Perhaps, this blog will talk about things compelling, because “someone has to say it.”

There’s the old line, “Bloom where you are planted.”  When I moved my family from Iowa to the Valley in the spring of 1984,  I never expected to so quickly engage in the life of Tempe.    Between my newspaper job, my young family and community and church work in the Waterloo, Iowa, area, I was on overload. So the move to Tempe seemed a bit of an escape.

Well, I am a joiner.  I have inclination to lend my time and energy to what comes before me, so I quickly got involved in the life of Tempe and was on a Tempe Red Cross board right off the bat.   I would be invited again and again to serve on boards, committees, task forces and short-term projects. It not only has meant thousands of hours away from home, filing cabinets crammed all over our house and scrambling to get my own professional work done, but it has brought me enormous friends, contacts and satisfaction.

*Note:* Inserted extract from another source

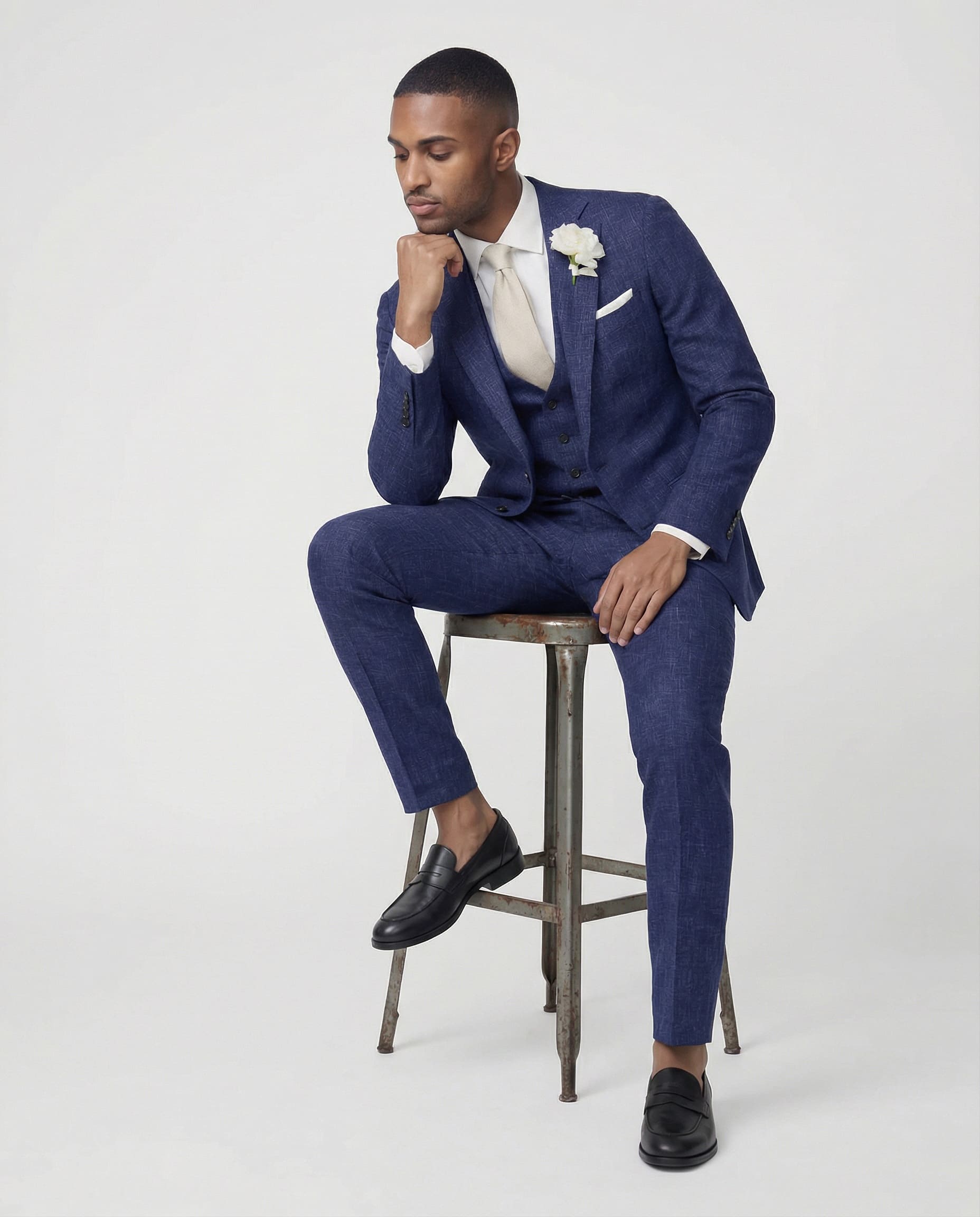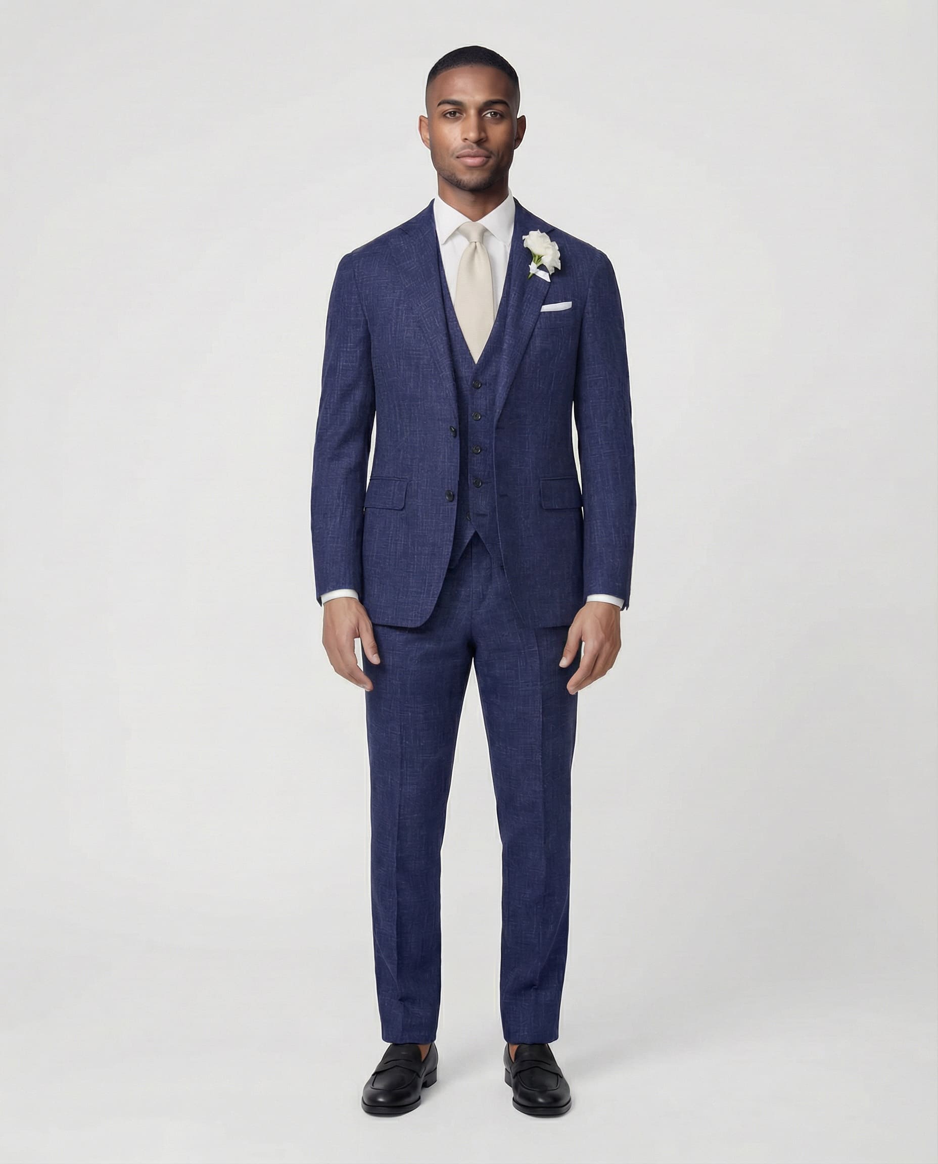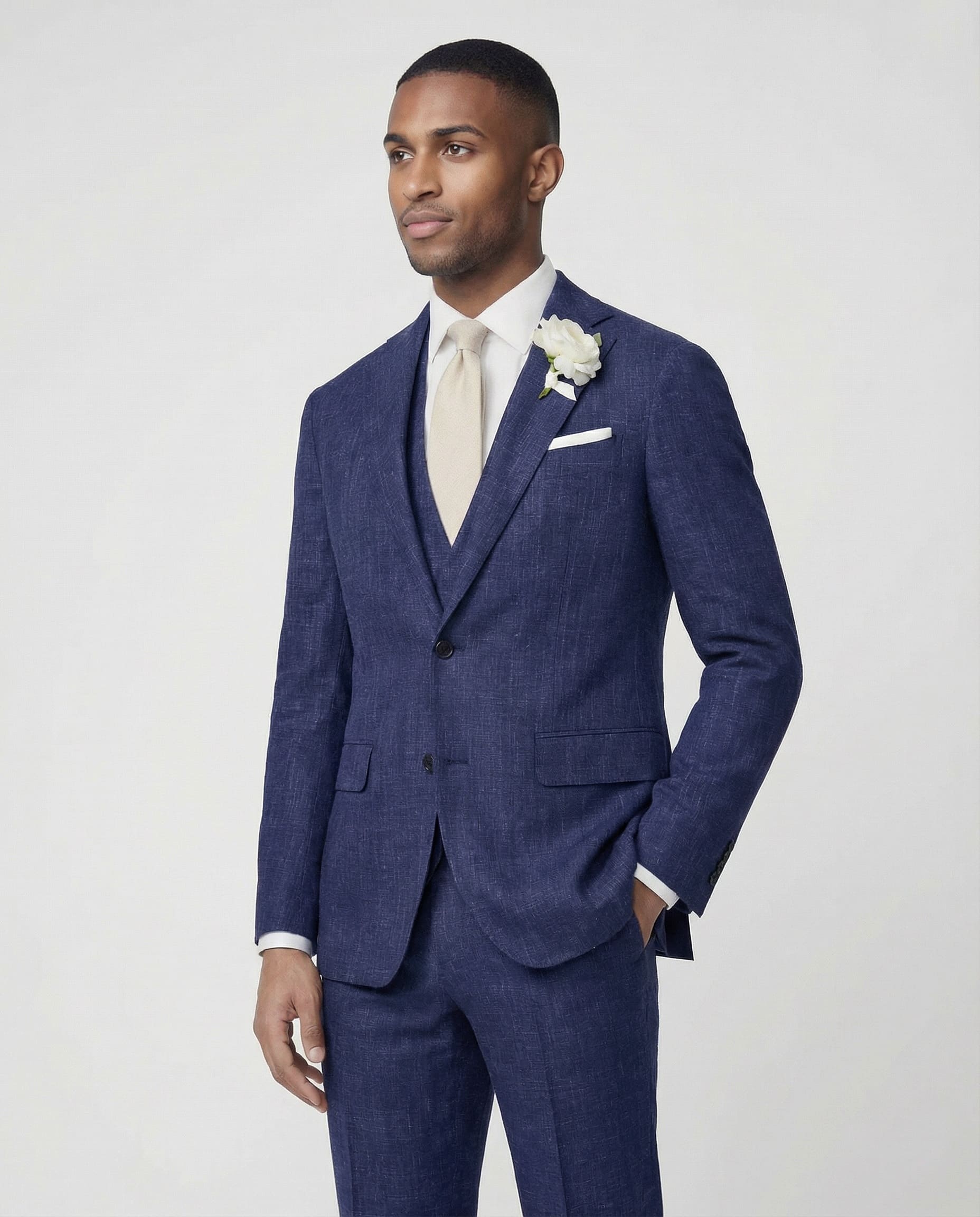 Frisch, modern und gemacht für sonnige Tage: Unser mittelblauer Sommeranzug aus Wolle, Seide und Leinen bringt Leichtigkeit und Eleganz in Einklang. Die feine Textur verleiht Charakter, die Materialmischung sorgt für angenehmen Tragekomfort – perfekt für Hochzeiten und besondere Sommermomente.

There is something special, though, about being there from the beginning.  I recall the spring of 1991, when a Tempe Leadership class announced it was launching a new undertaking called “Tempe Cares.” (I served six years on the Tempe Leadership Board, including five years as its secretary).  It would invite all sorts of community groups to send volunteers to a neighborhood that was showing signs of neglect and despair.   The volunteers would spend most of a Saturday stripping dead paint from the outside of houses and putting on new paint. Eves would be repaired, brush and junk hauled away, raking carried out, shrubs and trees  trimmed.  House after house would quickly sparkle.  Our start was a neighborhood just north of Scales School on West 5th Street.

On Saturday, March 6, Tempe Cares volunteers completed their 20th year of a daylong work blitz. This time there were four locations, with an eye on helping agencies and organizations that serve the homeless in the Tempe area.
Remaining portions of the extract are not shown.